Revisions. As we find experts to guide us within those disciplines where pi has a fundamental role, undoubtedly sections of the article will be substantially re-written and expanded. Our goal has been to find the most logical path by which all of space and time becomes tiled and tessellated. Perhaps there is a new science of the extremely small and the interstitial that will begin to emerge. These just might be foundations of foundations, the hypostatic, the exquisitely small, the ideal.6 We plan to use all the research from Kepler to today, particularly the current ccp (hcp and fcp) research from within our universities, in hopes that we truly begin to understand the evolution of the most-simple structures.
The little known 7.356103 degree gap is our fourth most important number, the possible basis for diversity, creativity, openness, indeterminism, uniqueness and chaos.7 That Aristotle had it wrong gives the number some initial notoriety; however, it is easily observed with five regular tetrahedrons which would have eight vertices. It appears to be transcendental, non-repeating, and never ending. Where the tetrahedron with four vertices and the octahedron with six have been been whole, ordered, rational, and perfect, tessellating and tiling the entire universe, the potential for the indeterminate which has the potential to become the chaotic resides somewhere deep within the system. We believe that place just may be right here.
Within this infinitesimal space may well be the potential for creativity, free will, the unpredictable, and the chaotic. Here may well be the basis for broken symmetries. Of course, for many readers, this will be quite a stretch. That’s okay. For more, we’ll study chaotic maps and the classification of discontinuities.
Of all the many articles and websites about the golden ratio and sacred geometry, our focus is on its emergence within pi and within the platonic solids. Phi is a perfection. It is a mathematical constant, a bridge to infinity. We are still looking to see if and how phi could unfold within the tetrahedral-octahedral simplex. Could that answer be within Petrie polygons? The magic of the golden ratio does unfold with the dodecahedron, the icosahedron, and the regular pentagon. Within this listing, phi has bounced back and forth with the Pentastar gap. Which manifests first? Is it manifest if it is inherent?
Starting with this article, we have begun an active study of Phi and its relations to pi and the Platonic solids. Although there are many, many papers about phi, none are from our special perspective of 201+ notations.

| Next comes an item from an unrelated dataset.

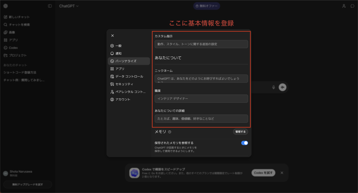 実は、ChatGPTには「あなたの前提条件」をあらかじめ記憶させておく機能があります。

We are the first to admit that we are way beyond our comfort zone, yet to analyze and interpret the processes involved within each of the doublings, each an exponential notation, requires tools. This Feigenbaum constant gives us a limiting ratio from each bifurcation interval to the next…. between every period doubling, of a one-parameter map. We are not yet sure how to apply it, but that is part of our challenge.
It gives us a number. It tells us something about how the universe is ordered. And, given its pi connection, we need to grasp its full dimensions as profoundly as we can. We have a long way to go.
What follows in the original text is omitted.